Data Capture for the Real World by Cameron Neylon.
From the post:
Many efforts at building data infrastructures for the “average researcher” have been funded, designed and in some cases even built. Most of them have limited success. Part of the problem has always been building systems that solve problems that the “average researcher” doesn’t know that they have. Issues of curation and metadata are so far beyond the day to day issues that an experimental researcher is focussed on as to be incomprehensible. We clearly need better tools, but they need to be built to deal with the problems that researchers face. This post is my current thinking on a proposal to create a solution that directly faces the researcher, but offers the opportunity to address the broader needs of the community. What is more it is designed to allow that average researcher to gradually realise the potential of better practice and to create interfaces that will allow technical systems to build out better systems.

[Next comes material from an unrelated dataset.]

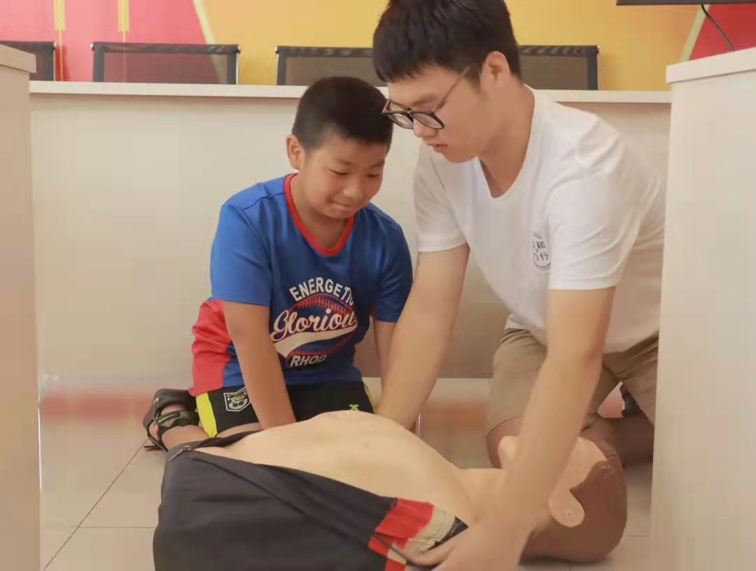 首先,由邱佳然向大家示范如何处理游泳时小腿抽筋的情况,表达方式简洁明了。而后由邓云帆示范心肺复苏急救法,并带领孩子现场模拟急救场景,对孩子的防溺水意识增长意义重大。

Solve the immediate problem – better backups
The average experimental lab consists of lab benches where “wet work” is done and instruments that are run off computers. Sometimes the instruments are in different rooms, sometimes they are shared. Sometimes they are connected to networks and backed up, often they are not. There is a general pattern of work – samples are created through some form of physical manipulation and then placed into instruments which generate digital data. That data is generally stored on a local hard disk. This is by no means comprehensive but it captures a large proportion of a lot of the work.
The problem a data manager or curator sees here is one of cataloguing the data created, creating a schema that represents where it came from and what it is. We build ontologies and data models and repositories to support them to solve the problem of how all these digital objects relate to each other.

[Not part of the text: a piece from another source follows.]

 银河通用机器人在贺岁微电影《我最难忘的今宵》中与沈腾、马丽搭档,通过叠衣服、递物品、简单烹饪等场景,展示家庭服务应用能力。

The problem a researcher sees is that the data isn’t backed up. More than that, its hard to back up because institutional systems and charges make it hard to use the central provision (“it doesn’t fit our unique workflows/datatypes”) and block what appears to be the easiest solution (“why won’t central IT just let me buy a bunch of hard drives and keep them in my office?”). An additional problem is data transfer – the researcher wants the data in the right place, a problem generally solved with a USB drive. Networks are often flakey, or not under the control of the researcher so they use what is to hand to transfer data from instrument to their working computer.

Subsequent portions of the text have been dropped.